§ Work to complete: Leave out the images and repeat every entry below exactly.

Records from a dataset
──────────────────────────────
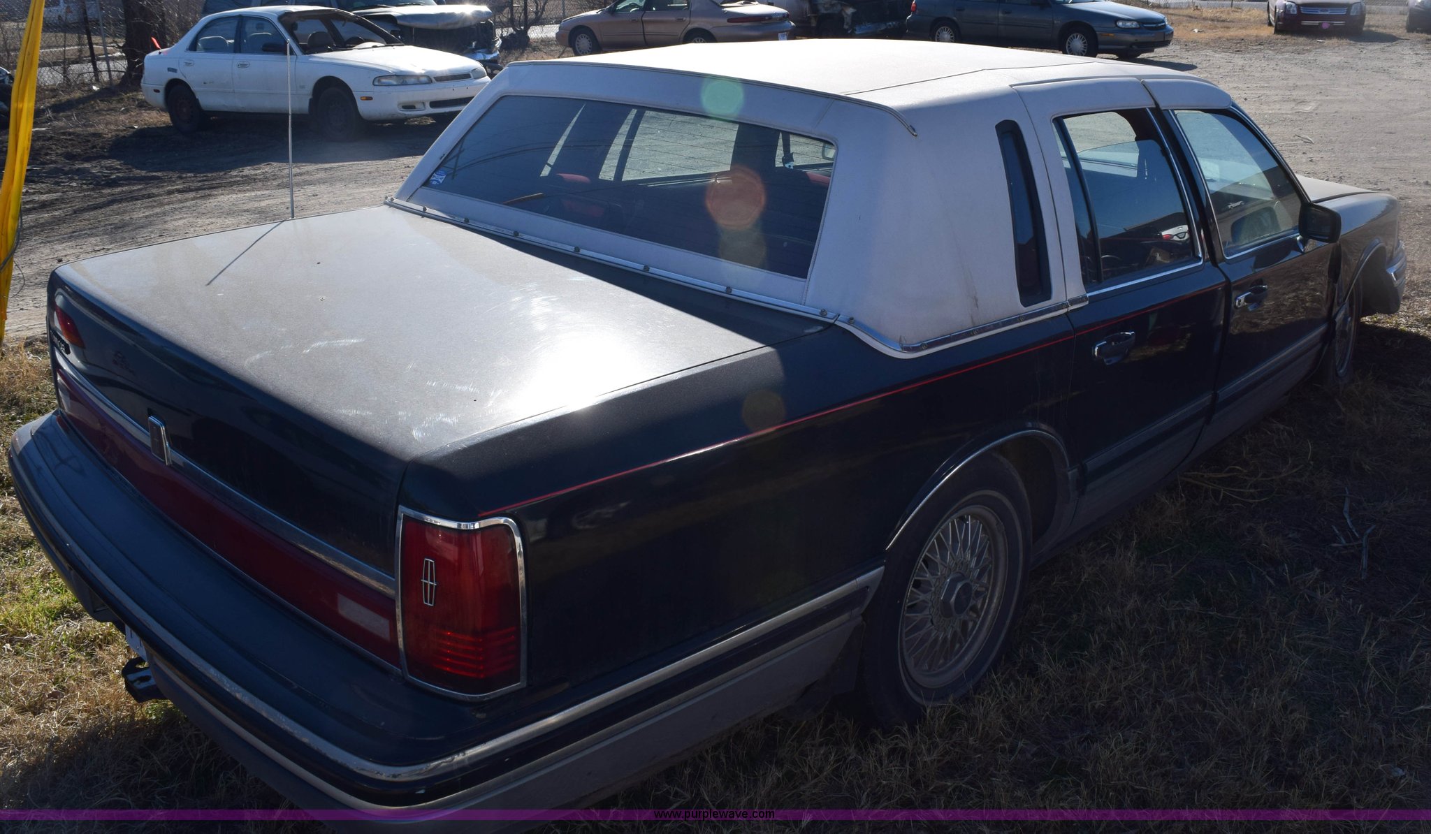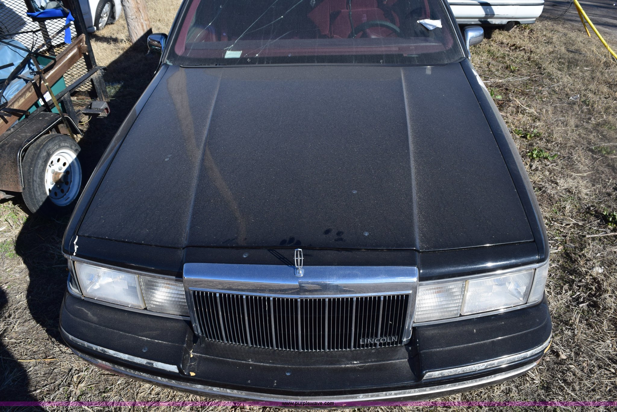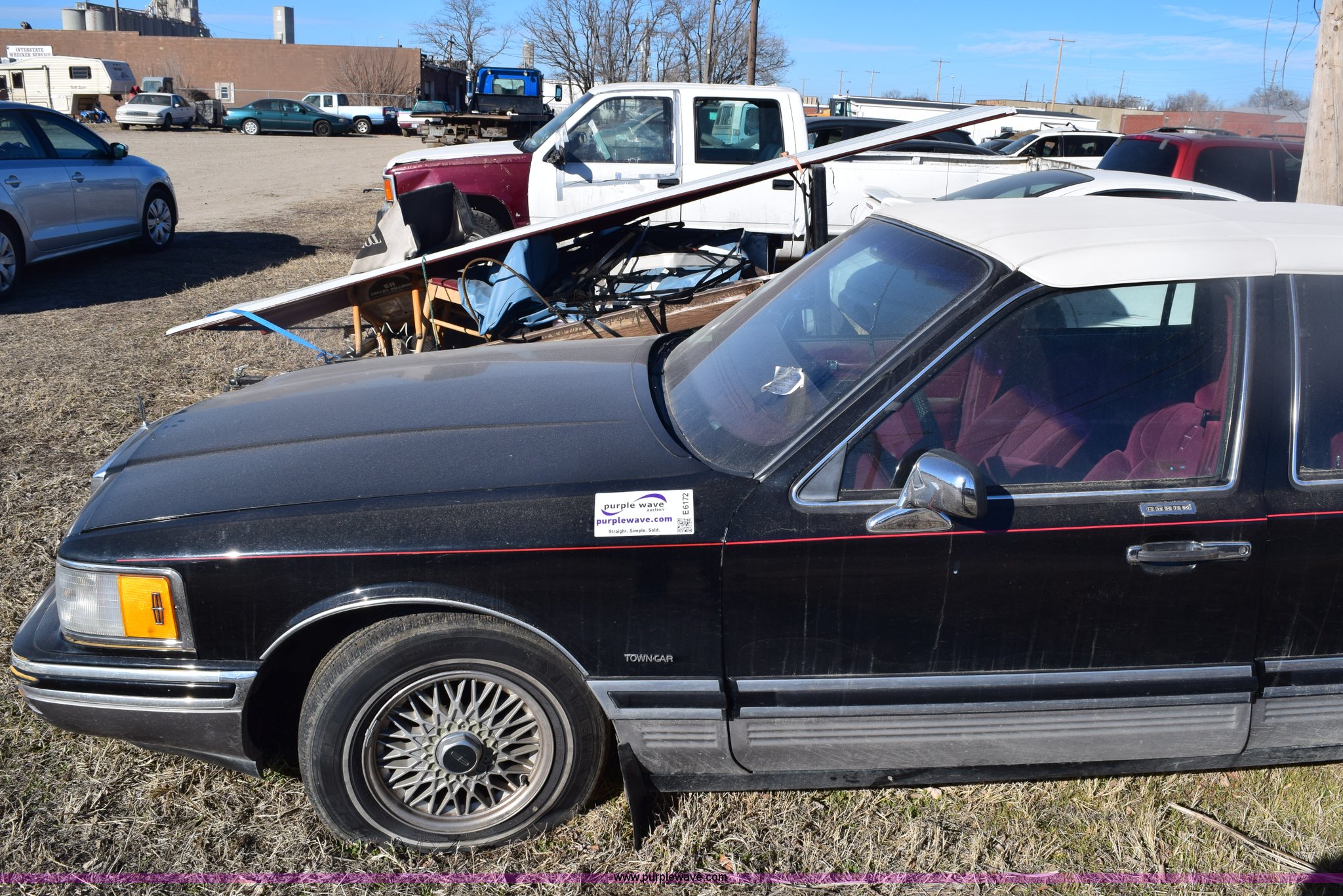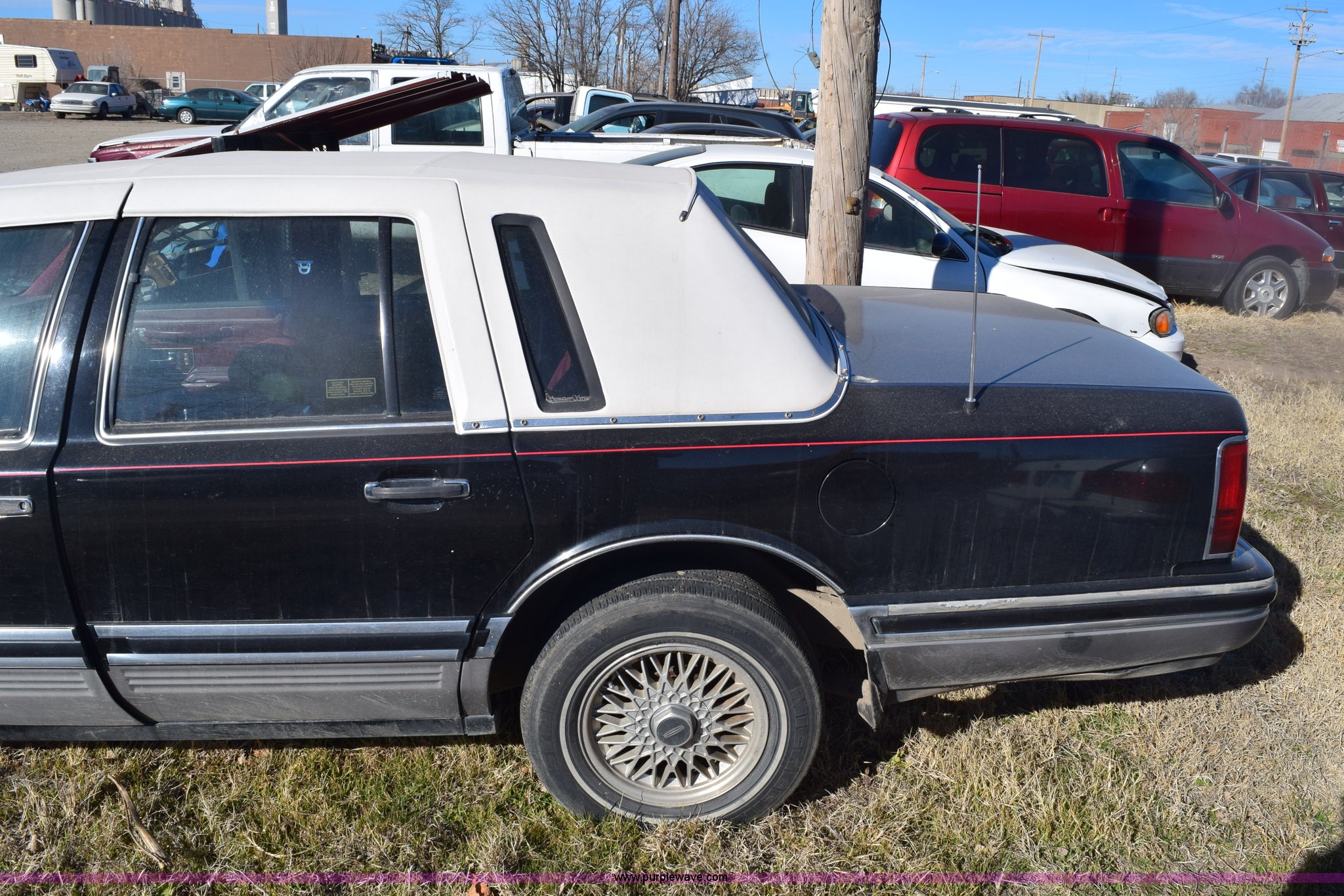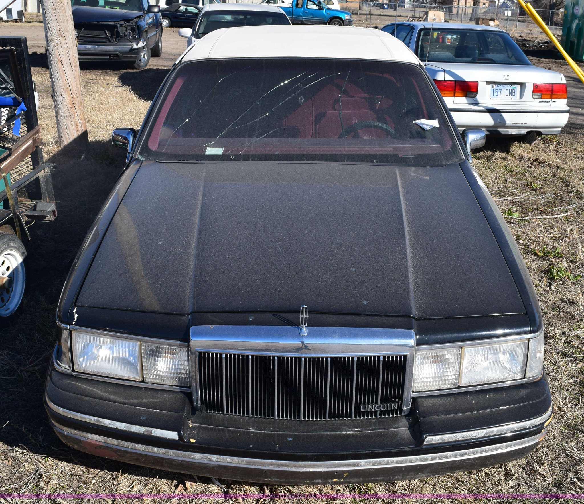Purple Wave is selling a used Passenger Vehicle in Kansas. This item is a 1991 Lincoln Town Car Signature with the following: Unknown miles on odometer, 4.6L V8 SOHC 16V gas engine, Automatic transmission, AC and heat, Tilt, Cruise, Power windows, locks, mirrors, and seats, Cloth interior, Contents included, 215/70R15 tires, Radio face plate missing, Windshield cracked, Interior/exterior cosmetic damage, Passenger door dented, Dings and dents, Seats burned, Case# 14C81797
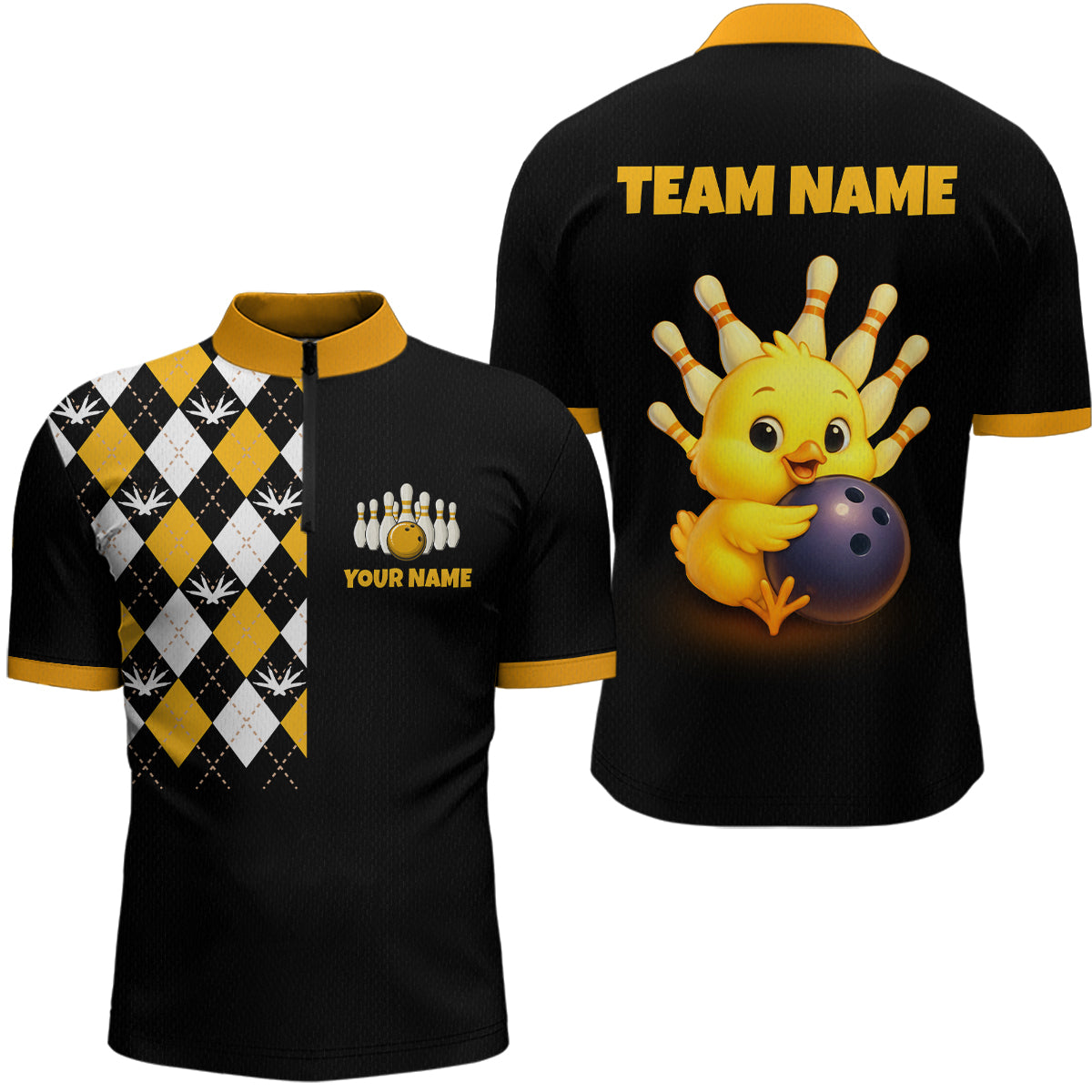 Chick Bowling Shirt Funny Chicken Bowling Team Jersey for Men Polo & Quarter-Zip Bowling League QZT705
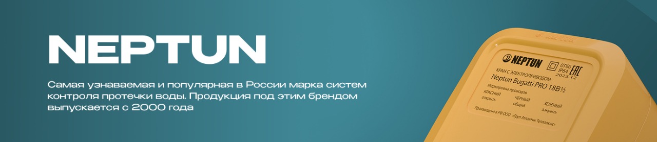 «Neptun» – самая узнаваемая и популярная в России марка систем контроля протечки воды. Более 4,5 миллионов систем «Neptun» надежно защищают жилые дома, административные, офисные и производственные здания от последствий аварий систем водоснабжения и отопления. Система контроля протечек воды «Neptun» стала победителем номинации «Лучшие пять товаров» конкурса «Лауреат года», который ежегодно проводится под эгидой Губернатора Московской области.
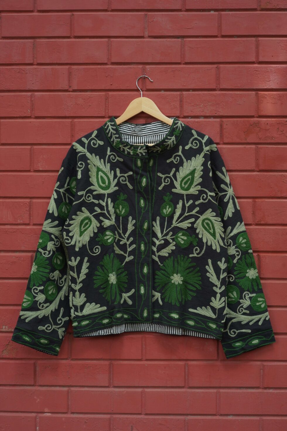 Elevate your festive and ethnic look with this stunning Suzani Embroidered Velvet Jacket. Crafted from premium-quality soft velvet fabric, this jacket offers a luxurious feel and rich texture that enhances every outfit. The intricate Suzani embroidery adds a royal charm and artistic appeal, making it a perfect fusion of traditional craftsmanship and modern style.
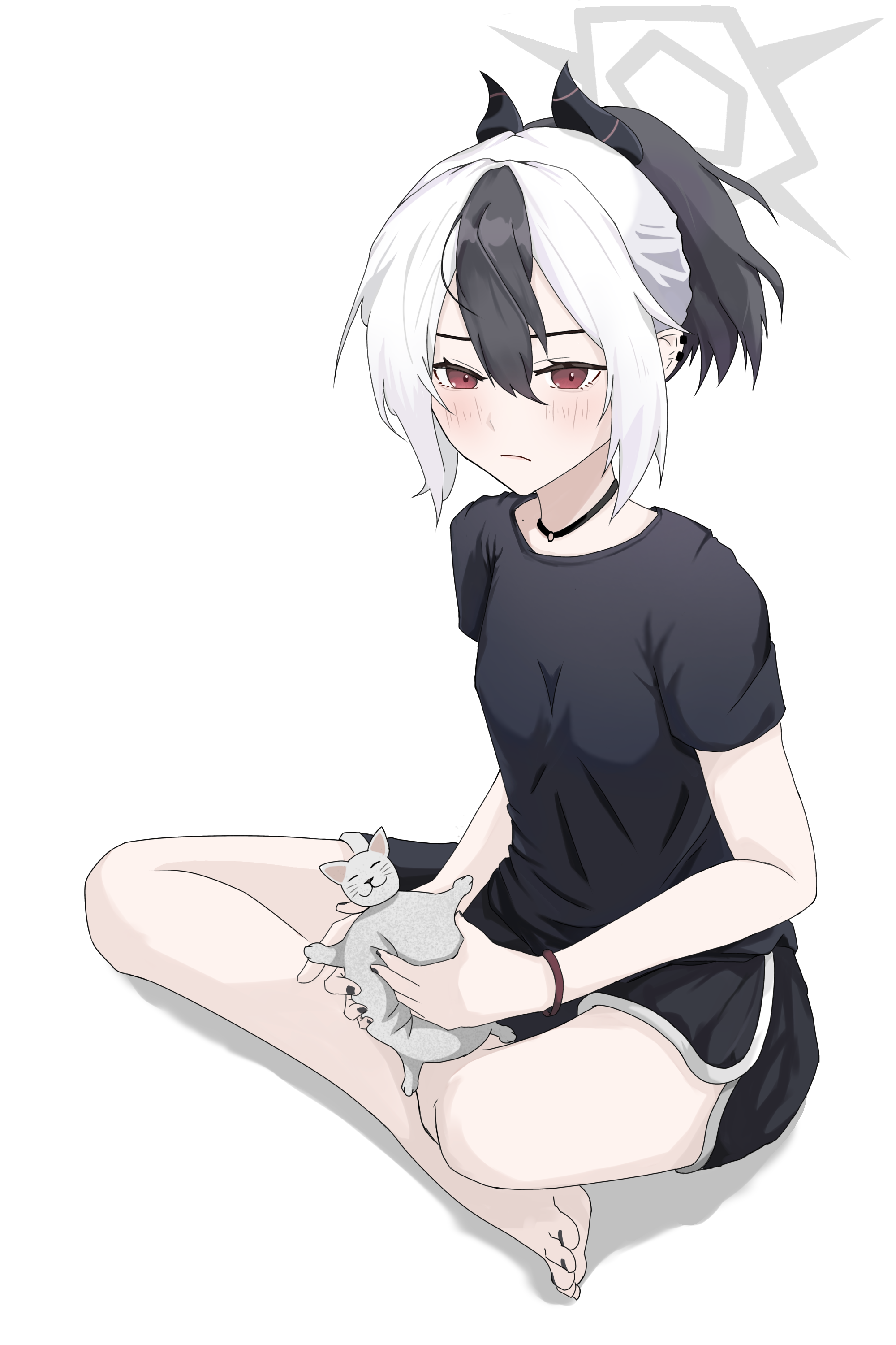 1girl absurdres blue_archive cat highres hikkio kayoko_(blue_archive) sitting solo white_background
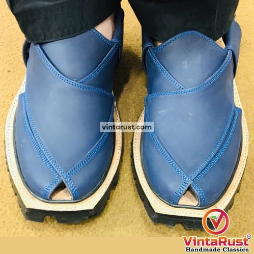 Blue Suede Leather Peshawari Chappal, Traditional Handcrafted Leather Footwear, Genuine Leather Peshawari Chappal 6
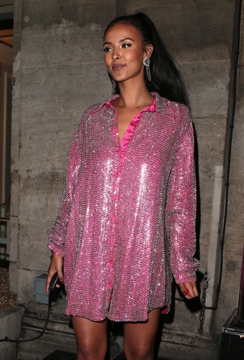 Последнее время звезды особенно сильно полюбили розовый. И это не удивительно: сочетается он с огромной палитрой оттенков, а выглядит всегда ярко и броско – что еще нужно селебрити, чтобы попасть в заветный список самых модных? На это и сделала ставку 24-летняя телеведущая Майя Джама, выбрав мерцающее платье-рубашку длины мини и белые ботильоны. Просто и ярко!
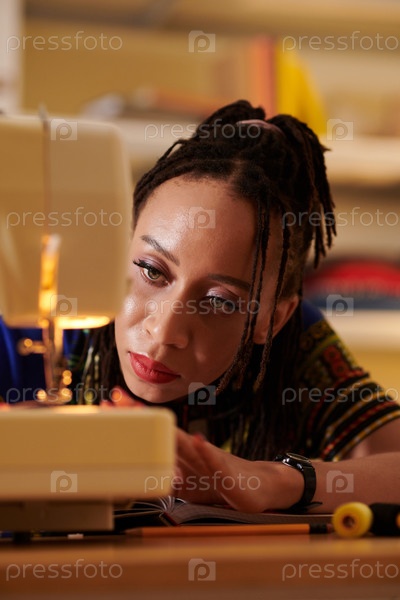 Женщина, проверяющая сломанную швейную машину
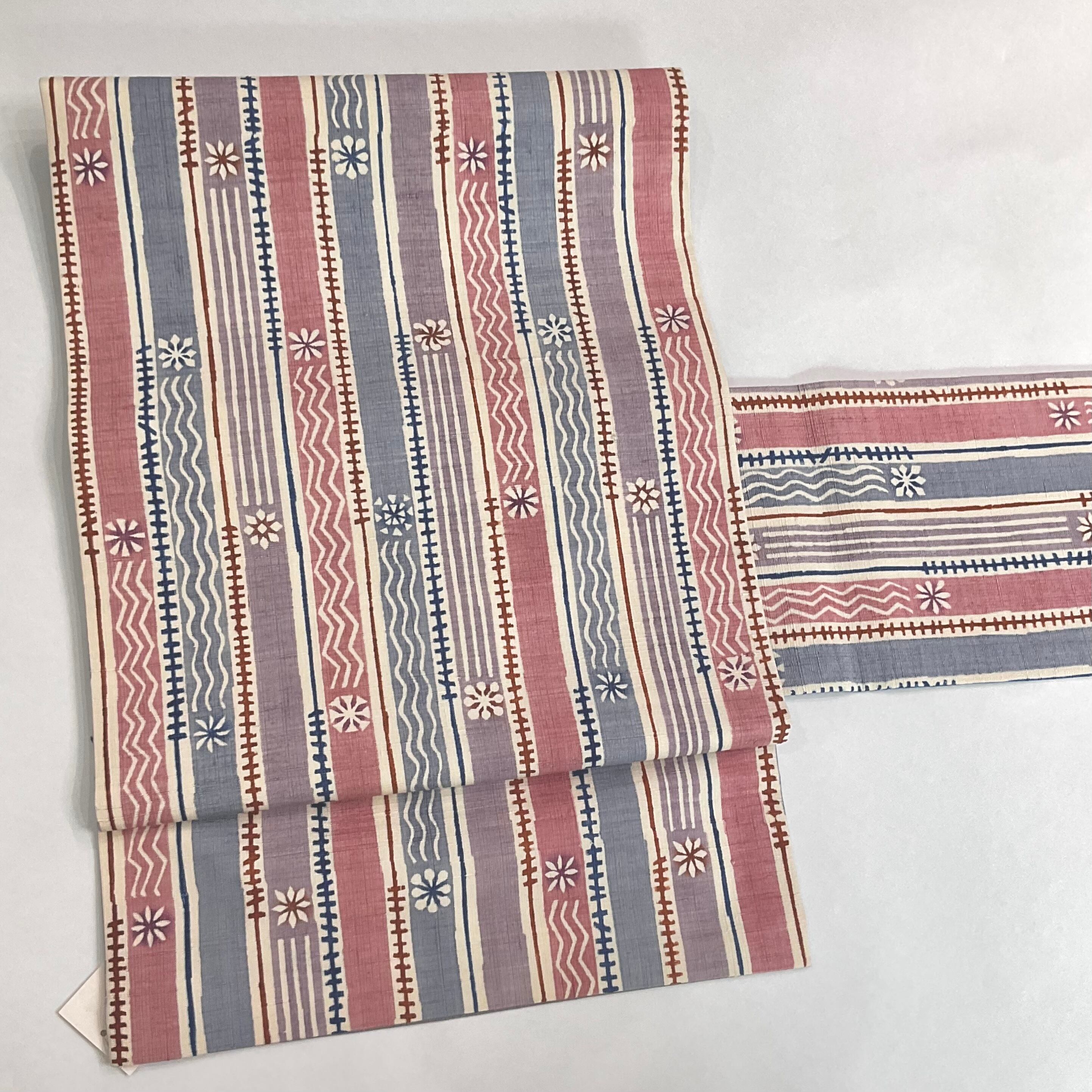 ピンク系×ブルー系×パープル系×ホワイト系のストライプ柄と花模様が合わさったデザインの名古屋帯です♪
──────────────────────────────
§ Task solution:
Purple Wave is selling a used Passenger Vehicle in Kansas. This item is a 1991 Lincoln Town Car Signature with the following: Unknown miles on odometer, 4.6L V8 SOHC 16V gas engine, Automatic transmission, AC and heat, Tilt, Cruise, Power windows, locks, mirrors, and seats, Cloth interior, Contents included, 215/70R15 tires, Radio face plate missing, Windshield cracked, Interior/exterior cosmetic damage, Passenger door dented, Dings and dents, Seats burned, Case# 14C81797
 Chick Bowling Shirt Funny Chicken Bowling Team Jersey for Men Polo & Quarter-Zip Bowling League QZT705
 «Neptun» – самая узнаваемая и популярная в России марка систем контроля протечки воды. Более 4,5 миллионов систем «Neptun» надежно защищают жилые дома, административные, офисные и производственные здания от последствий аварий систем водоснабжения и отопления. Система контроля протечек воды «Neptun» стала победителем номинации «Лучшие пять товаров» конкурса «Лауреат года», который ежегодно проводится под эгидой Губернатора Московской области.
 Elevate your festive and ethnic look with this stunning Suzani Embroidered Velvet Jacket. Crafted from premium-quality soft velvet fabric, this jacket offers a luxurious feel and rich texture that enhances every outfit. The intricate Suzani embroidery adds a royal charm and artistic appeal, making it a perfect fusion of traditional craftsmanship and modern style.
 1girl absurdres blue_archive cat highres hikkio kayoko_(blue_archive) sitting solo white_background
 Blue Suede Leather Peshawari Chappal, Traditional Handcrafted Leather Footwear, Genuine Leather Peshawari Chappal 6
 Последнее время звезды особенно сильно полюбили розовый. И это не удивительно: сочетается он с огромной палитрой оттенков, а выглядит всегда ярко и броско – что еще нужно селебрити, чтобы попасть в заветный список самых модных? На это и сделала ставку 24-летняя телеведущая Майя Джама, выбрав мерцающее платье-рубашку длины мини и белые ботильоны. Просто и ярко!
 Женщина, проверяющая сломанную швейную машину
 ピンク系×ブルー系×パープル系×ホワイト系のストライプ柄と花模様が合わさったデザインの名古屋帯です♪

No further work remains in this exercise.